Goal of the exercise =>
Word for word, copy out every line of the records, omitting each picture.

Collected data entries
────────────────────
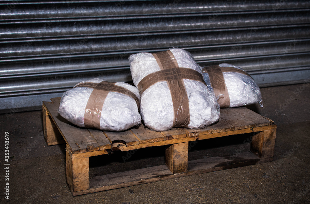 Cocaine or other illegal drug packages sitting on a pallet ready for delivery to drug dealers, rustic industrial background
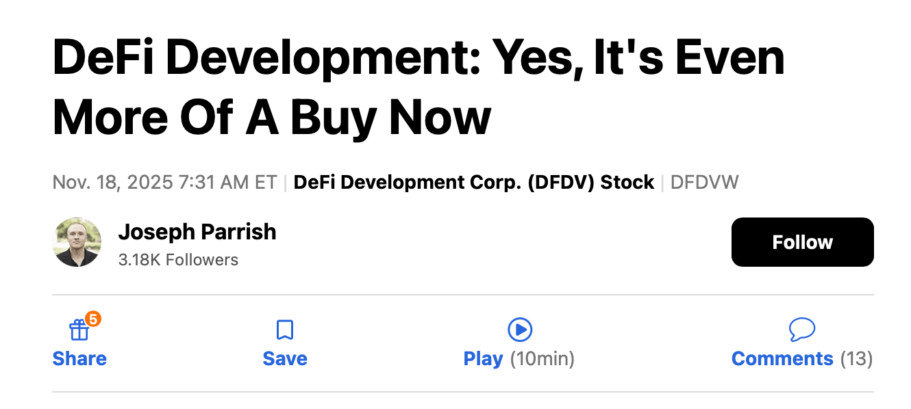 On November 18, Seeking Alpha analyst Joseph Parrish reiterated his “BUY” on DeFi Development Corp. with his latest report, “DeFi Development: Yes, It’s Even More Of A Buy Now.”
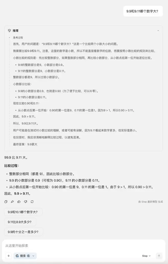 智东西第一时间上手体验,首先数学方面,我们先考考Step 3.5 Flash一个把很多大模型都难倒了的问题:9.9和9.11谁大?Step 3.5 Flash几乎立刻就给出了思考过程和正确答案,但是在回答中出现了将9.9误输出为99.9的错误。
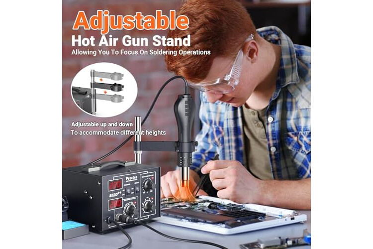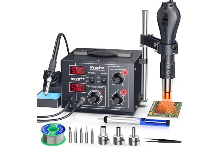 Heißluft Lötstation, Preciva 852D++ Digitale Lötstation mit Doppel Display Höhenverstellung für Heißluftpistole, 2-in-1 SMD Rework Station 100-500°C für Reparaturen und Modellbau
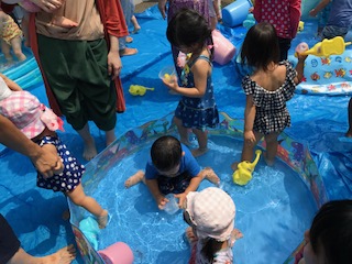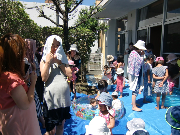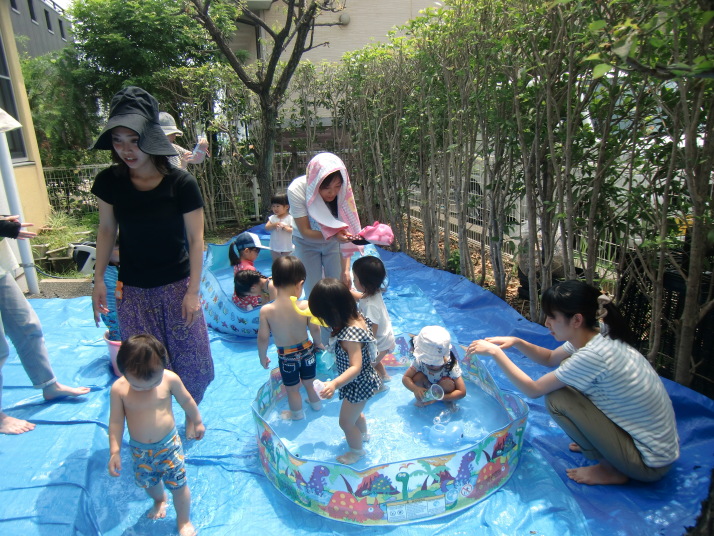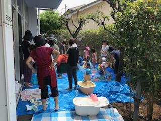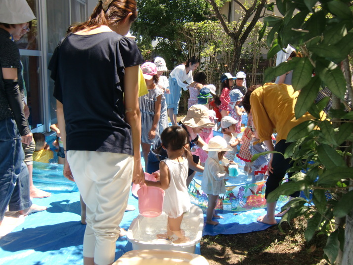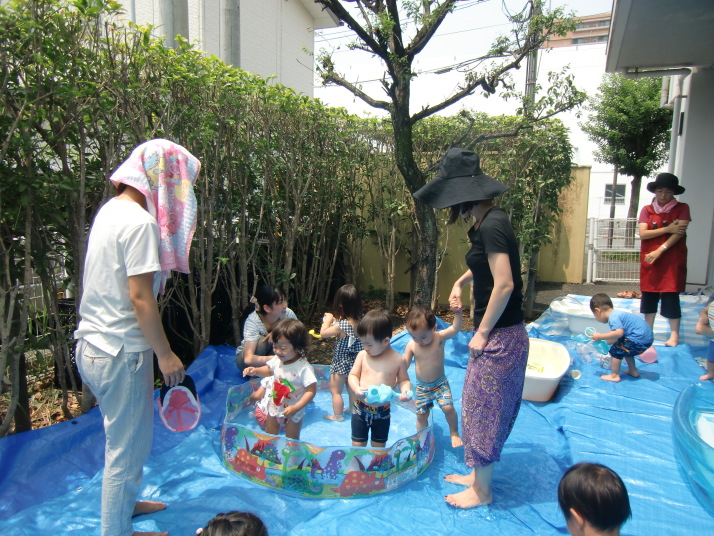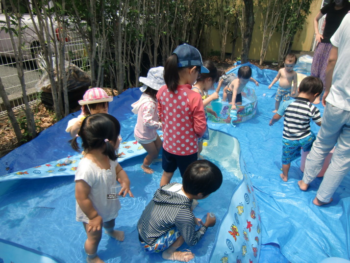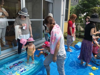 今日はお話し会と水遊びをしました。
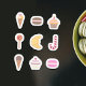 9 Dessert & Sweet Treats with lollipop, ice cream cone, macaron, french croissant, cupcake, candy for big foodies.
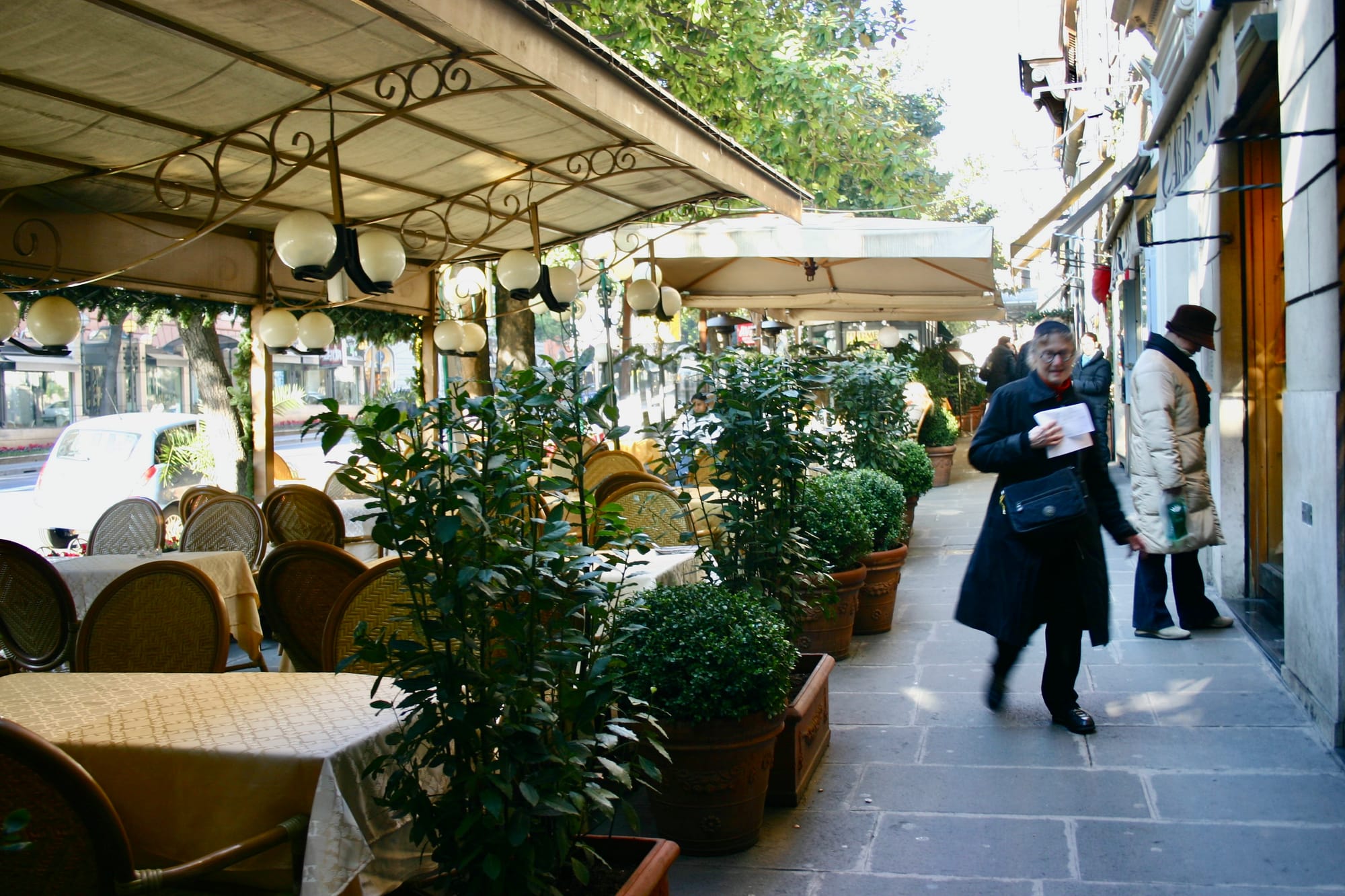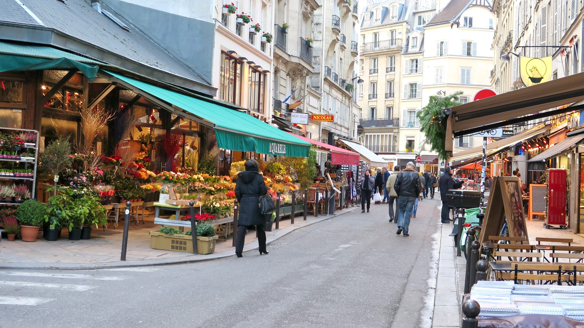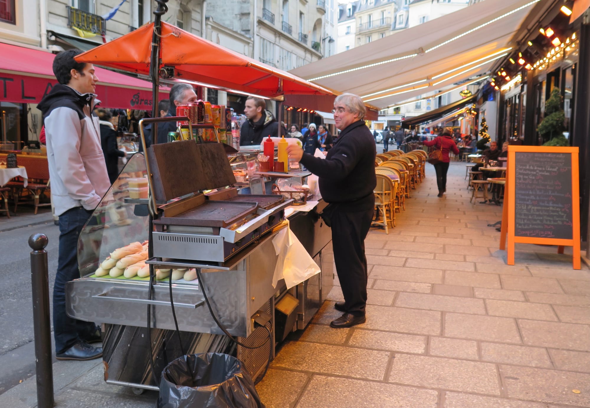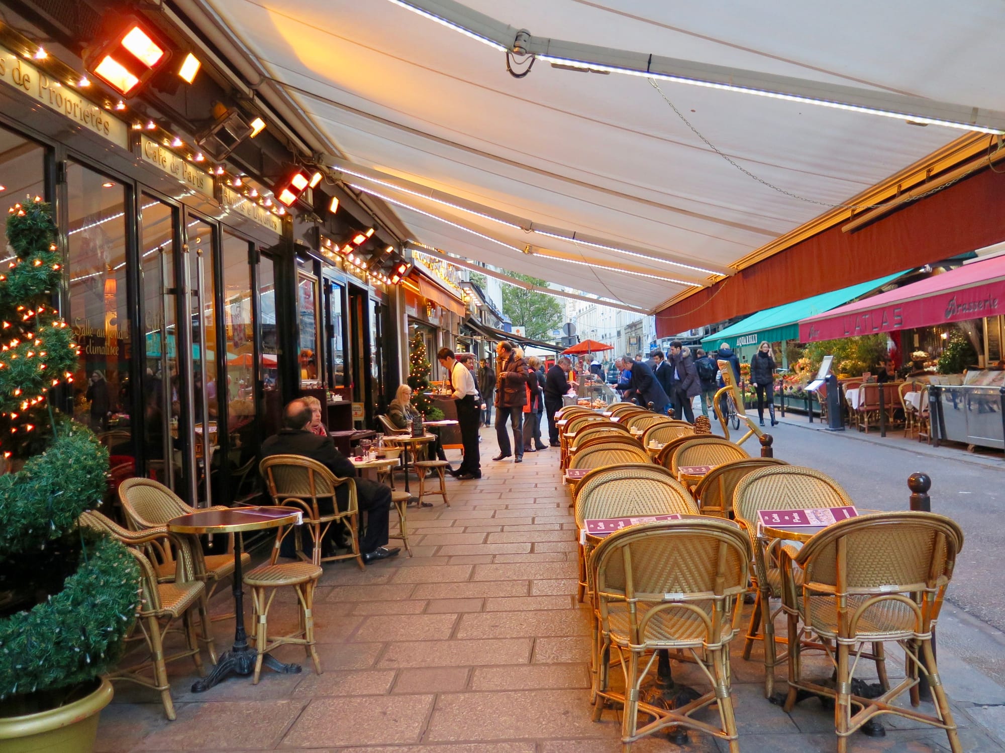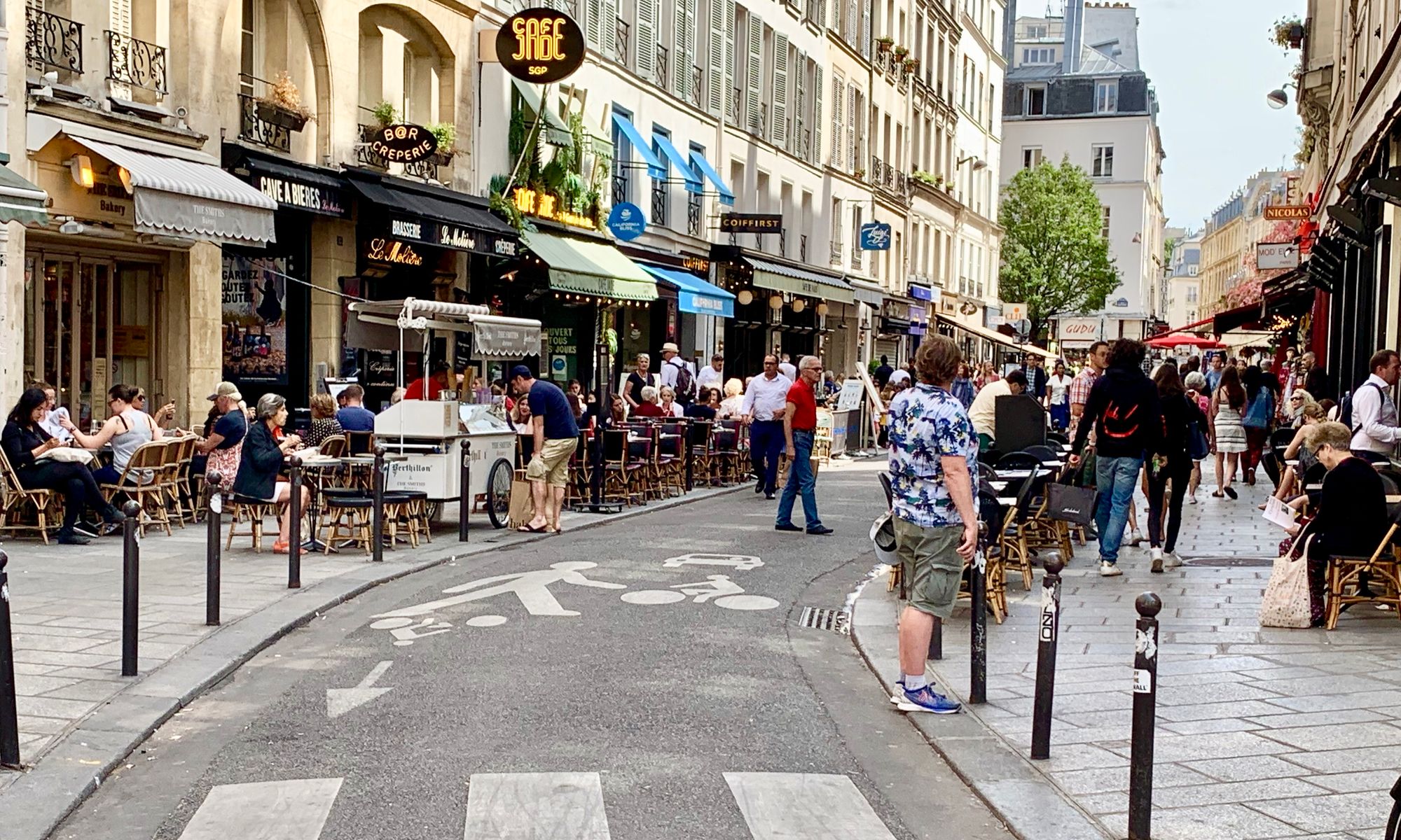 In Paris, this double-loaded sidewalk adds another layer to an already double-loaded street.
────────────────────
Written answer =>
 Cocaine or other illegal drug packages sitting on a pallet ready for delivery to drug dealers, rustic industrial background
 On November 18, Seeking Alpha analyst Joseph Parrish reiterated his “BUY” on DeFi Development Corp. with his latest report, “DeFi Development: Yes, It’s Even More Of A Buy Now.”
 智东西第一时间上手体验,首先数学方面,我们先考考Step 3.5 Flash一个把很多大模型都难倒了的问题:9.9和9.11谁大?Step 3.5 Flash几乎立刻就给出了思考过程和正确答案,但是在回答中出现了将9.9误输出为99.9的错误。
 Heißluft Lötstation, Preciva 852D++ Digitale Lötstation mit Doppel Display Höhenverstellung für Heißluftpistole, 2-in-1 SMD Rework Station 100-500°C für Reparaturen und Modellbau
 今日はお話し会と水遊びをしました。
 9 Dessert & Sweet Treats with lollipop, ice cream cone, macaron, french croissant, cupcake, candy for big foodies.
 In Paris, this double-loaded sidewalk adds another layer to an already double-loaded street.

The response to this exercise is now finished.